In 1970 Cook proved that an O(M+N) machine is possible. His theorem was not intended to be practical, but Knuth and Pratt followed the structure of the theorem to design an algorithm. Around the same time, Morris derived the algorithm independently as part of his design of a text editor. Eventually they found out about each other’s work and published it in 1976. Also in 1976, Boyer and Moore found another efficient algorithm not covered here: see the Sedgewick book. In 1980 Rabin & Karp came up with a modification to brute force that searches on chunks of text of size M using a hash function. Researchers continue to come up with new algorithms.

Algorithms

There are a surprising number of variations on string searching algorithms. See http://www-igm.univ-mlv.fr/~lecroq/string/index.html for summary descriptions, code and animations in Java. Find out what a “Backward Nondeterministic Dawg Matching algorithm” is!

Most algorithms require preprocessing of the pattern before entering the matching phase. Analysis must consider both costs, and applications must determine whether the preprocessing is worth the speedup in matching.

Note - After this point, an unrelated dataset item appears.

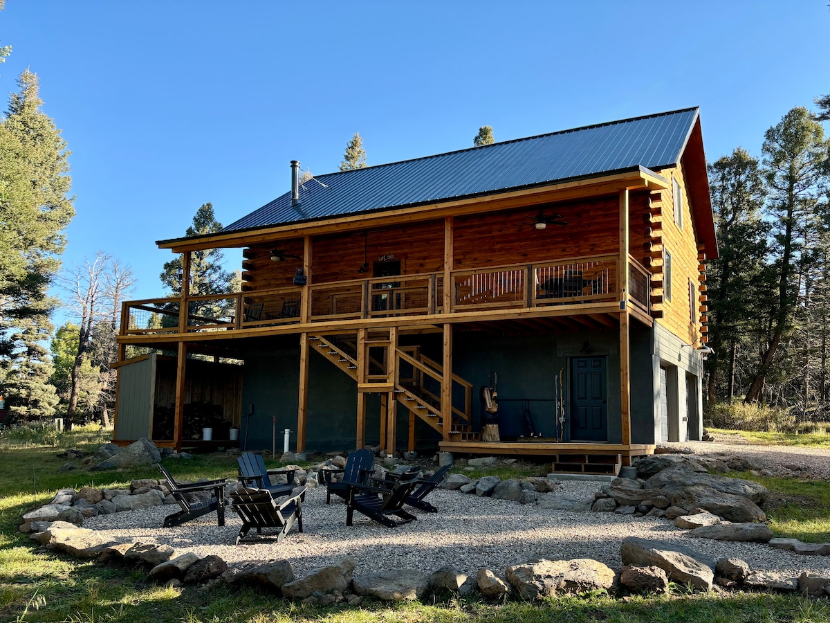10 Acres | Year-Round Adventures | Dog Friendly w/ Fee This cabin towers above the forest floor, framed by conifers, aspens, and sweeping views of the Moreno Valley, Angel Fire Resort, and the Sangre de Cristos. Inside, the 3-bed + spacious loft, 3-bath cabin pairs lodge-style comfort with mountain luxury. Surrounded by alpine beauty and top-notch resort perks, this retreat invites you to ski fresh powder, fish in the lake, tee off on PGA-rated greens, or bike the acclaimed mountain terrain.

The algorithms we cover are summarized by this table from the text:

Today we will cover how these algorithms work, but not any proofs of correctness, which you may find in the text.

Notation and Terminology

Prefix: p ⊏ t (p is a prefix of t) if t = pw for some w ∈ Σ*

Suffix: s ⊐ t (s is a suffix of t) if t = ws for some w ∈ Σ*

The empty string is denoted ε.

The k-character prefix T[1 .. k] of any text or pattern T is denoted Tk.

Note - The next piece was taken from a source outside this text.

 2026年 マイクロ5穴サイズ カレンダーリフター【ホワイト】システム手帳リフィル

Comment on String Matching Time: The test of whether “x == y” takes Θ(t + 1) time, where t is the length of the longest string z such that z ⊏ x and z ⊏ y. (The “1” is included to cover the case where t = 0, since a positive amount of time must be expended to determine this fact.) This comparison loop will be implicit in some of our pseudocode.

Naive (Brute Force) String Matching

It is often instructive to start with a brute force algorithm, that we can then examine for possible improvements and also use as a baseline for comparison.

The obvious approach is to start at the first character of T, T[1], and then step through T and P together, checking to see whether the characters match.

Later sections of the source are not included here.